→ **WORK REQUEST**
Each word in the data below should be copied exactly; the images should not.
═══ MATERIAL PROVIDED
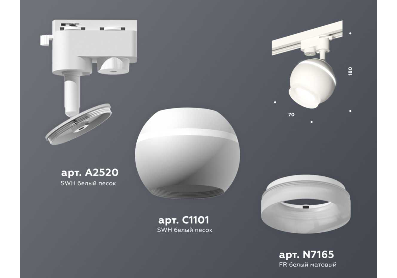 Комплект трекового светильника Ambrella light Track System XT (A2520, C1101, N7165) XT1101071
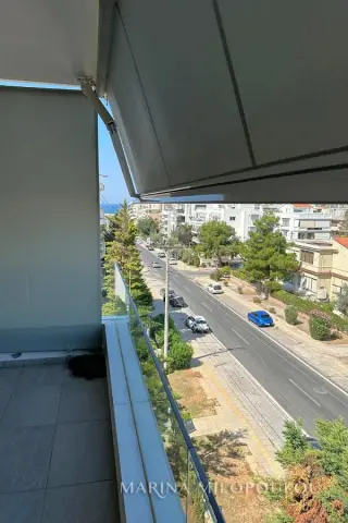 ΓΛΥΦΑΔΑ - Γκολφ και κοντά στο κέντρο, διαμέρισμα διαμπερές, 3ου ορόφου (τελευταίου), 107 τμ 600 μέτρα από την θάλασσα, με θέα θάλασσα από την μπροστινή βεράντα. Χώρος υποδοχής - τραπεζαρίας, ενιαία κουζίνα με εντοιχισμένες ηλεκτρικές συσκευές (εκτός ψυγείου), 2 υπνοδωμάτια, 1 μπάνιο, 1 wc, βεράντα προσόψεως και γωνιακή στην πίσω πλευρά (για τα 2 υ/δ) με θέα στον κήπο. Διαθέτει διπλά τζάμια, ηλεκτρικά ρολά, σίτες, τέντες, αυτόνομη θέρμανση φυσικού αερίου, κλιματιστικά σε όλους τους χώρους, ηλιακό θερμοσίφωνα, ντουλάπες και στον διάδρομο (για χρήση laundry), συναγερμό, 1 θέση στο υπόγειο parking και αποθήκη 12 τμ. Αποτελεί μέρος 3όροφου, σύγχρονου καλαίσθητου κτιρίου, με όμορφο κήπο και με συνολικά 8 ιδιοκτησίες. Σε ιδανική τοποθεσία, 150 μέτρα από το γήπεδο Γκολφ, επάνω σε ημι-κεντρικό δρόμο που οδηγεί στο κέντρο της Γλυφάδας. Τιμή ζώνης 3800€ Απόσταση 600 μέτρα από αμμώδη παραλία και την 2η μαρίνα Γλυφάδας, 700 μέτρα από τον εμπορικό ιστό της Γλυφάδας, 1,8 χλμ από την 5* παραλία του One and Only Resort, 4,5 χλμ από το Μητροπολιτικό Πάρκο Ελληνικού και 26 χλμ από το αεροδρόμιο. Το διαμέρισμα είναι μισθωμένο έως 30/11/25. Οι φωτογραφίες είναι από το πανομοιότυπο διαμέρισμα του 2ου.
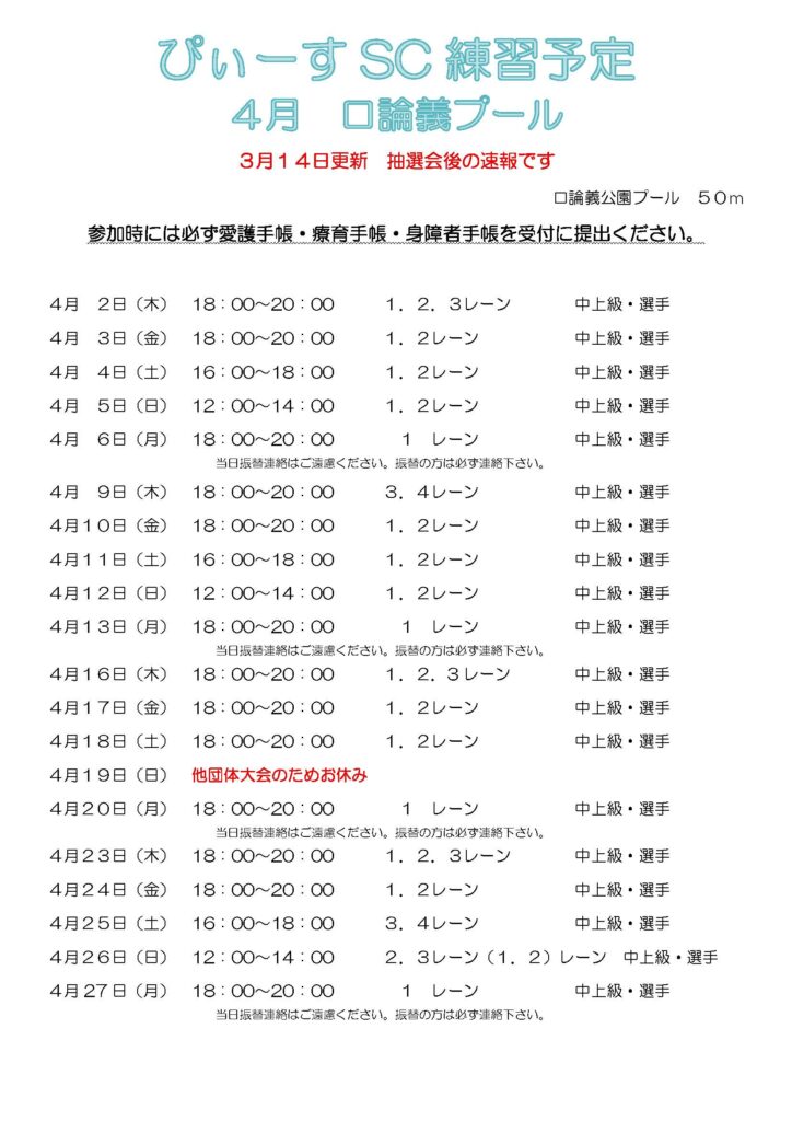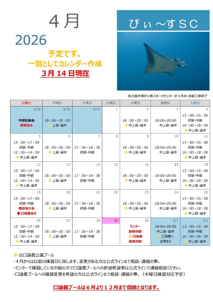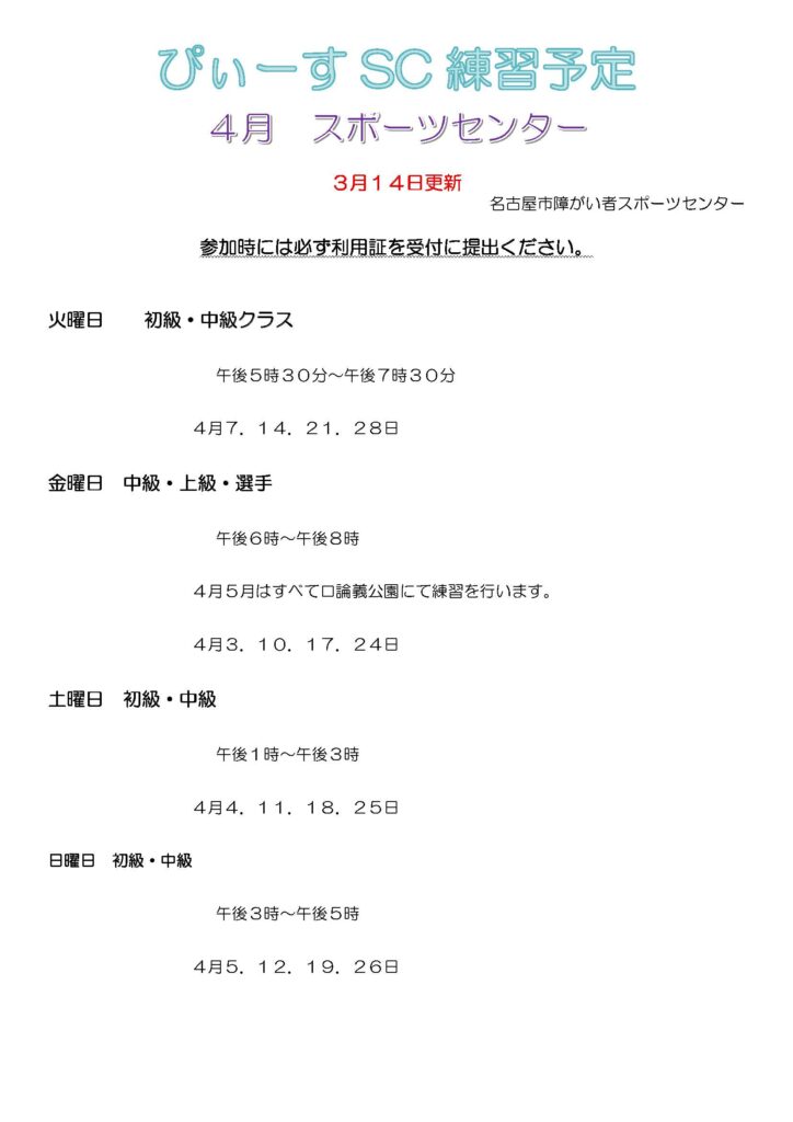 ぴぃ〜すSC練習予定4月
══════
→ **COMPLETED TASK**
 Комплект трекового светильника Ambrella light Track System XT (A2520, C1101, N7165) XT1101071
 ΓΛΥΦΑΔΑ - Γκολφ και κοντά στο κέντρο, διαμέρισμα διαμπερές, 3ου ορόφου (τελευταίου), 107 τμ 600 μέτρα από την θάλασσα, με θέα θάλασσα από την μπροστινή βεράντα. Χώρος υποδοχής - τραπεζαρίας, ενιαία κουζίνα με εντοιχισμένες ηλεκτρικές συσκευές (εκτός ψυγείου), 2 υπνοδωμάτια, 1 μπάνιο, 1 wc, βεράντα προσόψεως και γωνιακή στην πίσω πλευρά (για τα 2 υ/δ) με θέα στον κήπο. Διαθέτει διπλά τζάμια, ηλεκτρικά ρολά, σίτες, τέντες, αυτόνομη θέρμανση φυσικού αερίου, κλιματιστικά σε όλους τους χώρους, ηλιακό θερμοσίφωνα, ντουλάπες και στον διάδρομο (για χρήση laundry), συναγερμό, 1 θέση στο υπόγειο parking και αποθήκη 12 τμ. Αποτελεί μέρος 3όροφου, σύγχρονου καλαίσθητου κτιρίου, με όμορφο κήπο και με συνολικά 8 ιδιοκτησίες. Σε ιδανική τοποθεσία, 150 μέτρα από το γήπεδο Γκολφ, επάνω σε ημι-κεντρικό δρόμο που οδηγεί στο κέντρο της Γλυφάδας. Τιμή ζώνης 3800€ Απόσταση 600 μέτρα από αμμώδη παραλία και την 2η μαρίνα Γλυφάδας, 700 μέτρα από τον εμπορικό ιστό της Γλυφάδας, 1,8 χλμ από την 5* παραλία του One and Only Resort, 4,5 χλμ από το Μητροπολιτικό Πάρκο Ελληνικού και 26 χλμ από το αεροδρόμιο. Το διαμέρισμα είναι μισθωμένο έως 30/11/25. Οι φωτογραφίες είναι από το πανομοιότυπο διαμέρισμα του 2ου.
 ぴぃ〜すSC練習予定4月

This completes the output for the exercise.